» **EXERCISE DESCRIPTION**: This exercise calls for an exact copy of the listing, with no pictures kept.

» **INFORMATION PROVIDED**:
####################
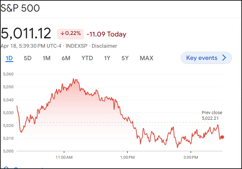 결국, S&P500 지수는 0.22%, 나스닥은 0.52% 하락했습니다. 다우만이 0.06% 강보합세를 유지했습니다. S&P500지수는 닷새 연속 하락세를 나타냈습니다.
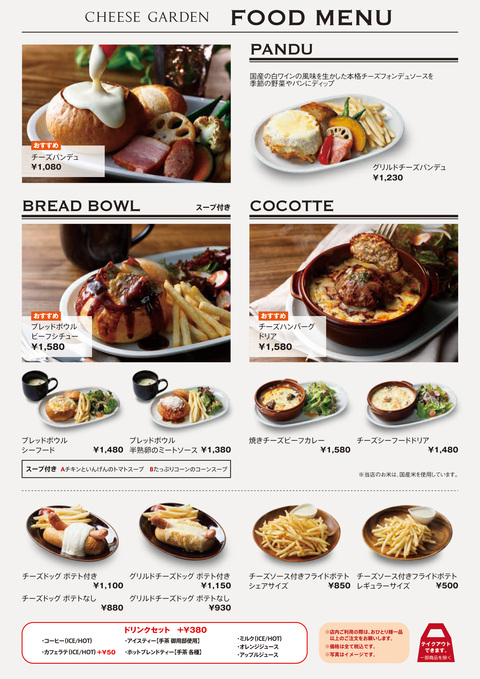 〈チーズガーデン〉カフェに新メニュー登場!チーズガーデン2F タワーヤード 6番地
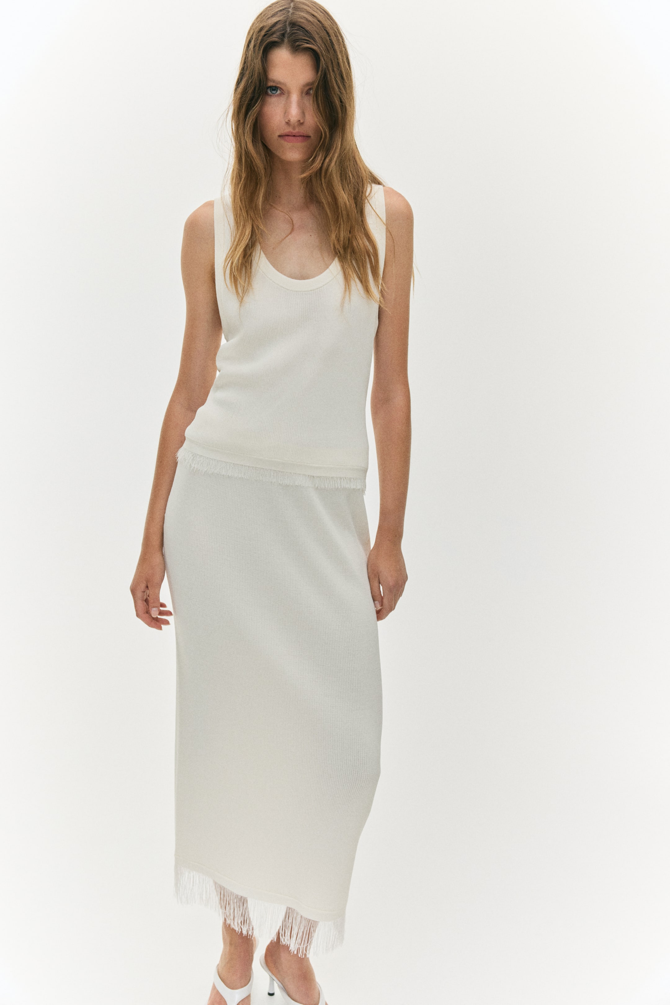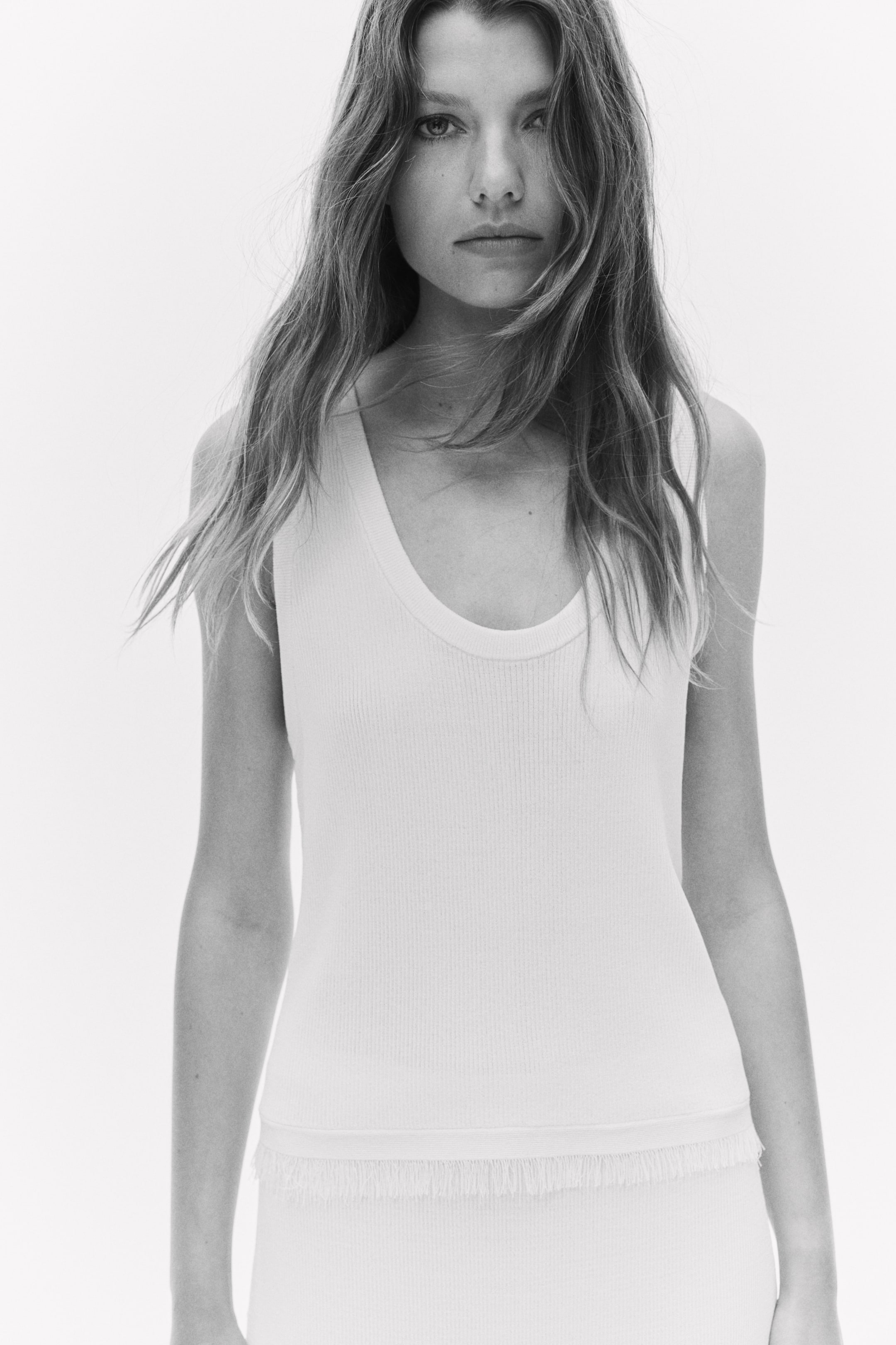 Krátke priliehavé tielko z rebrovaného úpletu s oválnym výstrihom a rozstrapkaným spodným okrajom.
####################
» **ANSWER SECTION**:
 결국, S&P500 지수는 0.22%, 나스닥은 0.52% 하락했습니다. 다우만이 0.06% 강보합세를 유지했습니다. S&P500지수는 닷새 연속 하락세를 나타냈습니다.
 〈チーズガーデン〉カフェに新メニュー登場!チーズガーデン2F タワーヤード 6番地
 Krátke priliehavé tielko z rebrovaného úpletu s oválnym výstrihom a rozstrapkaným spodným okrajom.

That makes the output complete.